Из его записей стали известны те ужасы и страдания, которые обрушились на крестоносцев после ухода с равнины Дорилеума. Он упоминал о тучах мух, кровососущих клещах и тучах залепляющей глаза мошкары. Описал ужасающие опустошения, сожженные поля, угнанный скот. Очень быстро результаты всех этих напастей и лишений сказались на христианском воинстве. Оно было полностью дезорганизовано, хотя и насчитывало еще около двухсот тысяч человек.
Как правило, слабые гибли как мухи. Знатные франкские дамы одна за другой предавали свои души в руки Спасителя.
В отличие от сэра Эдмунда де Монтгомери, сэр Шарль Полный Сундук передвигался вместе с основными силами. Тридцатилетний летописец умудрялся сохранять даже свои личные вещи, в то время как армия, проходившая через гряду труднодоступных черных гор, устилала перевалы костями тех, кто погиб от жажды и голода.
Продвигаясь теперь по широким и опустошенным равнинам, франки наконец достигли окруженного стенами города Икония.
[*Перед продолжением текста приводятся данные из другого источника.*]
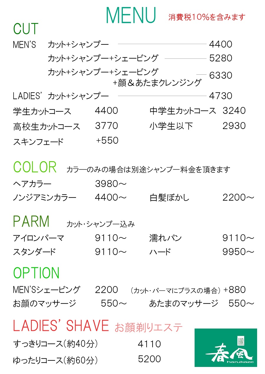 理容室、床屋、メンズカット(荒川区・町屋・荒川・尾久・東日暮里・三ノ輪)Hair(ヘア)春風(Harukaze)へようこそ
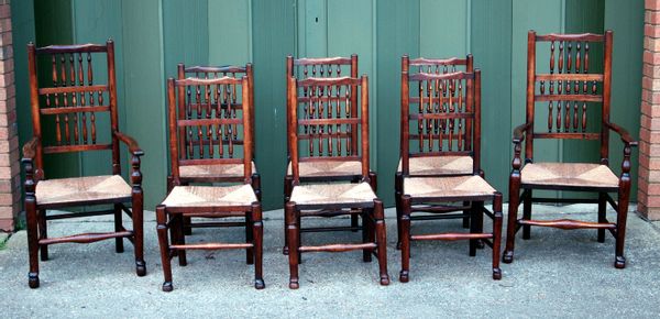 Antique Set Of Eight Early 19th Century Spindle Back Dining Chairs
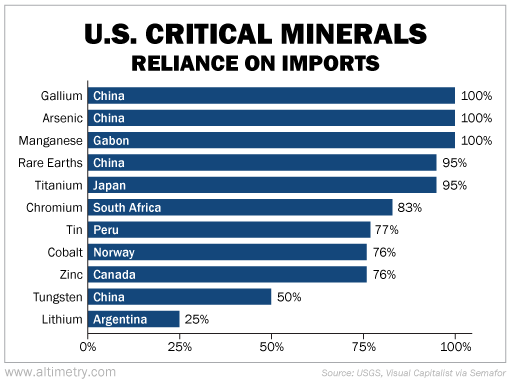 And even today, the U.S. still isn't in control of several critical materials. Certain minerals we need for semiconductors, like gallium and arsenic, are still 100% imported from China...
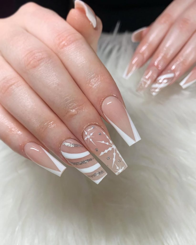 Long, sculpted coffin nails play with negative space: classic white French tip edges, a candy-cane swirl in alternating white and silver, and a clear panel dotted with tiny stars and snowflake lines. The look is crisp, graphic, and surprisingly wearable with winter neutrals.
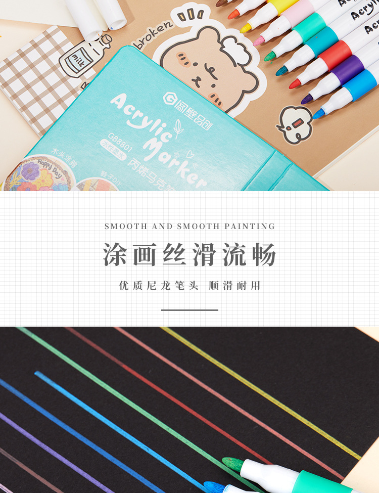 Marcador de acrílico, papel suave e impermeable, juego de bolígrafos de acuarela de pintura acrílica, estudiante de graffiti pintado a mano de bricolaje
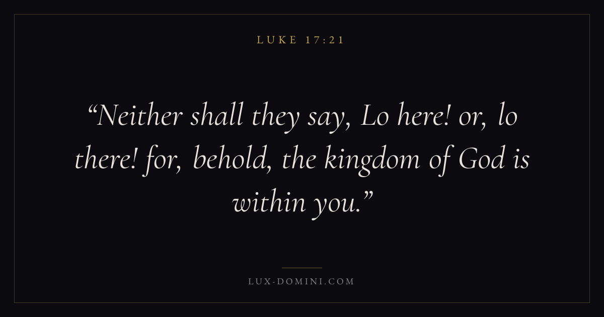 Neither shall they say, Lo here! or, lo there! for, behold, the kingdom of God is within you.
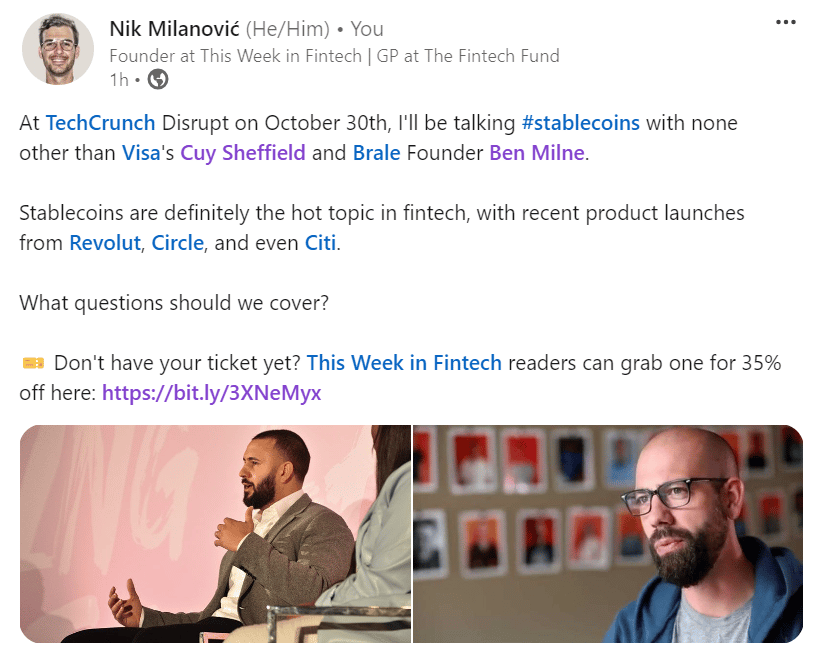 Who else is coming to TechCrunch Disrupt and wants to talk stablecoins? I'll be there with Visa's Cuy Sheffield and Brale founder Ben Milne talking about the exploding ecosystem around stables, exotic use cases, and where it goes from here. What should we cover?
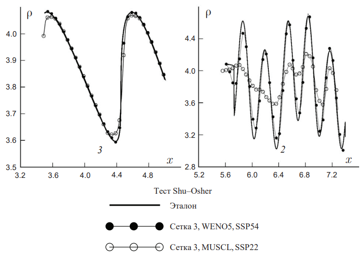 Рис. 4. Выбор эталонного решения для задачи Shu–Osher
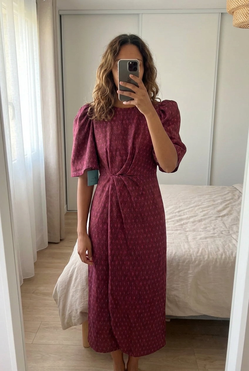 Une personne en Robe manches bouffantes bordeaux debout, face à la caméra, dans une chambre à la lumière douce, avec une lumière naturelle filtrant par la fenêtre.

Они остановились там передохнуть, но обнаружили очень мало провизии. Когда поход возобновился, вьючные животные стали чаще падать от истощения. В отчаянии люди в кольчугах нагружали наиболее необходимые вещи на быков, овец и даже на свиней. Но грузы очень скоро до крови растирали спины этим несчастным животным, и они также погибали. Сэр Шарль с грустью писал о гордых рыцарях, потерявших могучих боевых коней и вынужденных ехать на быках. Менее удачливые брели с обычными пикейщиками, упорно волоча за собой седла в надежде на то, что смогут найти себе лошадь.
К тому времени как крестоносцы увидели горы Тавра, в голубой дымке вставшие на их пути, три четверти их боевых коней уже погибло. Только верховые лошади отряда сэра Эдмунда, казалось, были исключением. Его отряд, сократившийся теперь до двадцати двух воинов, двигался в авангарде и поэтому находил жалкие запасы пищи и воды, по недосмотру оставленные обитателями этой выжженной солнцем земли.
В горах, писал сэр Шарль, христианское войско меньше страдало, поскольку там было изобилие воды и травы. К тому же до них дошли последние поставки продовольствия от византийского императора.
Вдохновленные сказочными богатствами Сирии, крестоносцы вступили в древний город Гераклею. Здесь дочерна загорелые люди отдыхали в течение нескольких недель. Но ни Боэмунд, ни Танкред не собирались расслабляться надолго. Эти могущественные военачальники повели основные силы по отлогим долинам и холмам. Они миновали Киликийские Ворота и наконец двинулись вдоль морского берега к богатому городу Тарсу.
Эта турецкая крепость была взята неожиданно быстро после короткого сражения, которое стоило безжалостным итало- норманнам малых потерь.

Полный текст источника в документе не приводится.